Data section Start Marker
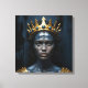A portrait of a dark-skinned woman wearing a gold crown, with dark paint dripping down her face.
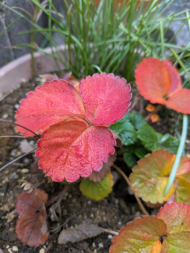 急に寒くなって、イチゴの葉もきれいに紅葉🍁
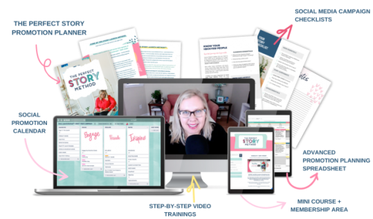 IS A SOCIAL MEDIA TOOLKIT FILLED WITH A WORKSHOP, STORYTELLING PROMPTS, AND A PROJECT MANAGEMENT SYSTEM TO HELP YOU KICK-START YOUR SOCIAL MEDIA PROMOTION CALENDAR IN JUST AN AFTERNOON
Data section End Marker
» Task item: Set the data above down again exactly as given, with no pictures.

» Your response:
A portrait of a dark-skinned woman wearing a gold crown, with dark paint dripping down her face.
 急に寒くなって、イチゴの葉もきれいに紅葉🍁
 IS A SOCIAL MEDIA TOOLKIT FILLED WITH A WORKSHOP, STORYTELLING PROMPTS, AND A PROJECT MANAGEMENT SYSTEM TO HELP YOU KICK-START YOUR SOCIAL MEDIA PROMOTION CALENDAR IN JUST AN AFTERNOON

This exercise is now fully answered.